To compute image saliency scores, we used two state-of-the-art computer vision algorithms designed to predict human fixation time: DeepGaze II (Kümmerer et al., 2016) and Graph-Based Visual Saliency (Harel et al., 2007). Both models aim to predict human fixations of an image, but DeepGaze II is a more recent approach that utilizes a wide range of feature types (i.e., both low-level and high-level visual information) and is trained on human fixation data, while Graph-Based Visual Saliency (GBVS) is a more established method commonly tested by attention researchers, that relies solely on image-computable low-level visual features.
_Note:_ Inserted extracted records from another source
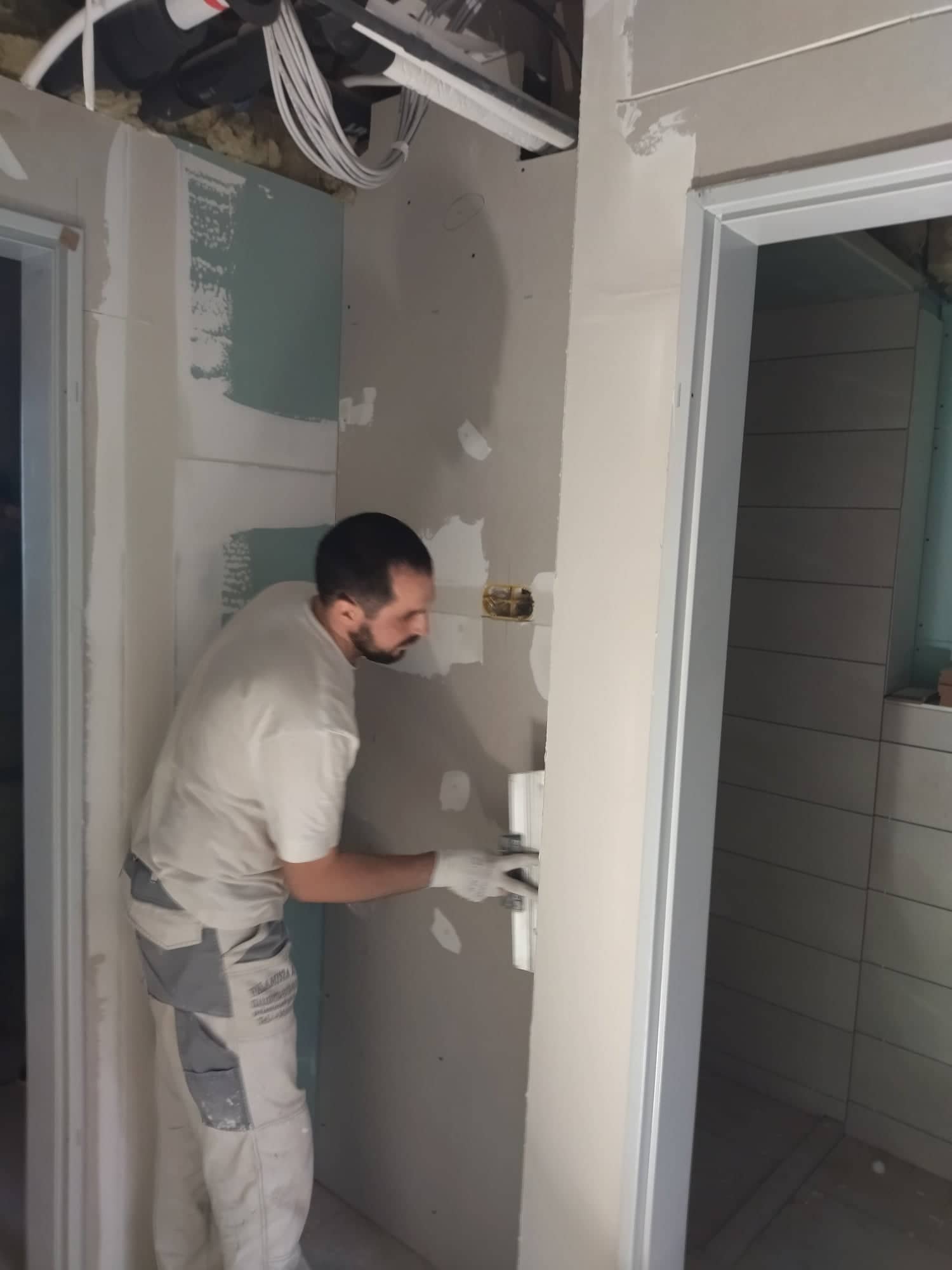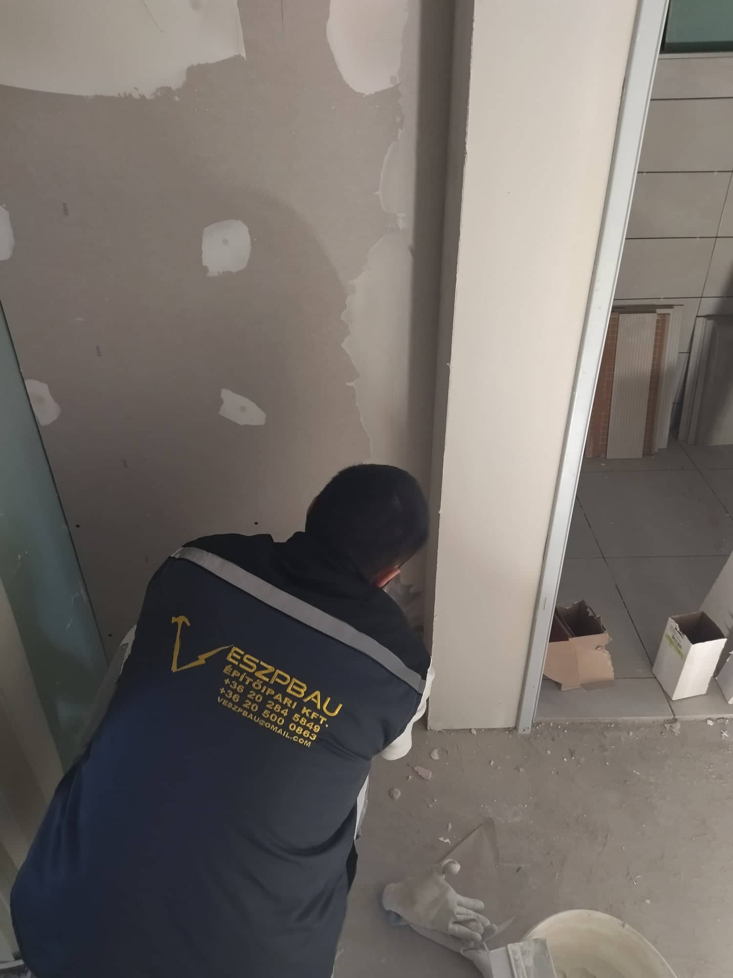 Budapest, Soroksári úti munkásszálló, glettelés-festés,
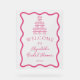 Simple bridal shower design with hand-drawn, playful retro-style wavy frame with a champagne flute tower with bows, in dark and light pink colours.
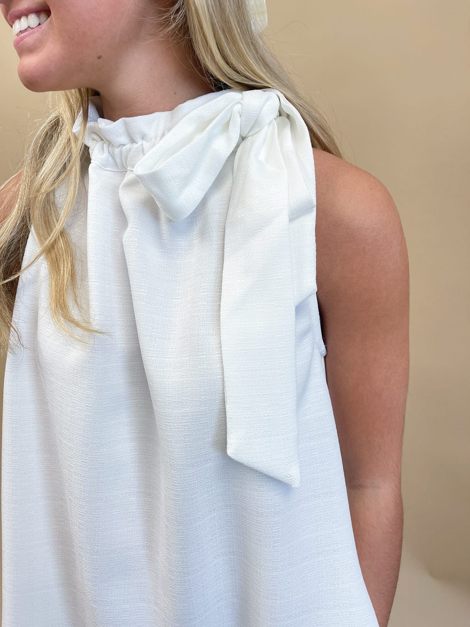 PURE CLASS! This crisp white with the soft tie shoulder detail is giving bridal brunch, beach dinner, graduation, coastal church Sunday- all the things.
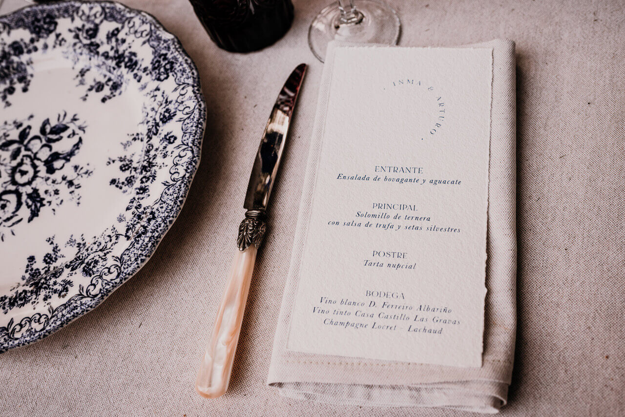 Papel con cuerpo, impresión clásica y una paleta que armoniza con mesas cálidas y delicadas.
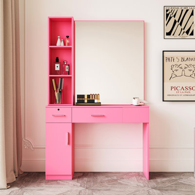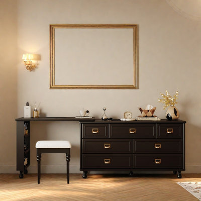 The vanity set features a high-quality glass tabletop, three lighting modes, an LCD touch display, Bluetooth, and charging ports. It also includes a Hollywood mirror, 13 storage drawers, and a built-in LED light strip. The Hollywood Mirror Built-in two speakers for surround sound and a dimming knob for light control. VanitiiVanitii

Specifically, DeepGaze II predicts fixation time based on features from the VGG-19 deep neural network for object identification combined with a readout network trained for saliency prediction based on human fixations (Kümmerer et al., 2016). In contrast, GBVS is a model that identifies visually dissimilar regions of an image (Harel et al., 2007). We were curious to see whether these two models would perform differently in their predictions of recall and fixation behavior, given current debates on the success of these models in predicting scene semantics (Hayes & Henderson, 2019; Henderson et al., 2021; Pedziwiatr et al., 2021). For both metrics, we obtained saliency heatmaps for each of the stimulus images (see Fig. 8). Object-based saliency was then calculated as the average saliency across the pixels of that object, normalized by the average saliency of the entire image.

Finally, to generate heatmaps of recall for each image, we calculated a recall score for each object, calculated as the number of participants who drew that object, divided by the number of participants who drew the image containing that object. This allows us to create a heatmap of how well different objects in an image were remembered, that can be directly compared with heatmaps formed from fixation patterns, pen movements, or saliency measures.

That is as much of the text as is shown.